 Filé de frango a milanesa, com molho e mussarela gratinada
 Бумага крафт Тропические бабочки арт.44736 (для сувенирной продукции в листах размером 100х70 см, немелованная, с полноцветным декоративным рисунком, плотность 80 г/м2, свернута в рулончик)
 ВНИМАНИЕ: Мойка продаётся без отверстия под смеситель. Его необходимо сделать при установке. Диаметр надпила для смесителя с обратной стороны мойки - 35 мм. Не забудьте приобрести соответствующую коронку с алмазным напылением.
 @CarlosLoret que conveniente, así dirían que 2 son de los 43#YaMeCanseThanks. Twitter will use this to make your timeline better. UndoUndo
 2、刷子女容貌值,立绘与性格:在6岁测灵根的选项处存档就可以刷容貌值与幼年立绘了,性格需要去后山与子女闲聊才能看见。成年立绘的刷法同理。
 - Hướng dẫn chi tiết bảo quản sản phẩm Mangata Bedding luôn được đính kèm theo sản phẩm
-.-.-
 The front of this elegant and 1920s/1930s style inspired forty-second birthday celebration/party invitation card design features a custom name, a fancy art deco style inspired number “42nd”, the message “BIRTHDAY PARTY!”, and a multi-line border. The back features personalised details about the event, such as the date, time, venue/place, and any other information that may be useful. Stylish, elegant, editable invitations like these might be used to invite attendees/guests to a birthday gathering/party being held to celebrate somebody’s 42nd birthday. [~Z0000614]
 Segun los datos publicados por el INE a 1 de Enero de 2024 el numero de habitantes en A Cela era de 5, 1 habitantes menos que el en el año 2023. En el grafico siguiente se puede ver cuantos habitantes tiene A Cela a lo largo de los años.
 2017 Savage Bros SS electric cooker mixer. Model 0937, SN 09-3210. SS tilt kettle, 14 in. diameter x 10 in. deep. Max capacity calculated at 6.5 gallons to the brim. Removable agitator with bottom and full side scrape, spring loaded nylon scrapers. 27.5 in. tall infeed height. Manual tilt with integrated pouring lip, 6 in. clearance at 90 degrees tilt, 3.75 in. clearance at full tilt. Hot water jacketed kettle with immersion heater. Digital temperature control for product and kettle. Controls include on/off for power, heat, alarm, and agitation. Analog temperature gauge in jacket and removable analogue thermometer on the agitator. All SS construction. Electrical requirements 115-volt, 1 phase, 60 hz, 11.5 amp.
-.-.-
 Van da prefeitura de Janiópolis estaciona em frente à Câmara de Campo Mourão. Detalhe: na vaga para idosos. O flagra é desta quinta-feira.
-.-.-
■ **INSTRUCTIONS TO FOLLOW**:
Tally, across the records, each line that contains the word "this", and answer with nothing except the count.

■ **FINISHED EXERCISE**:
2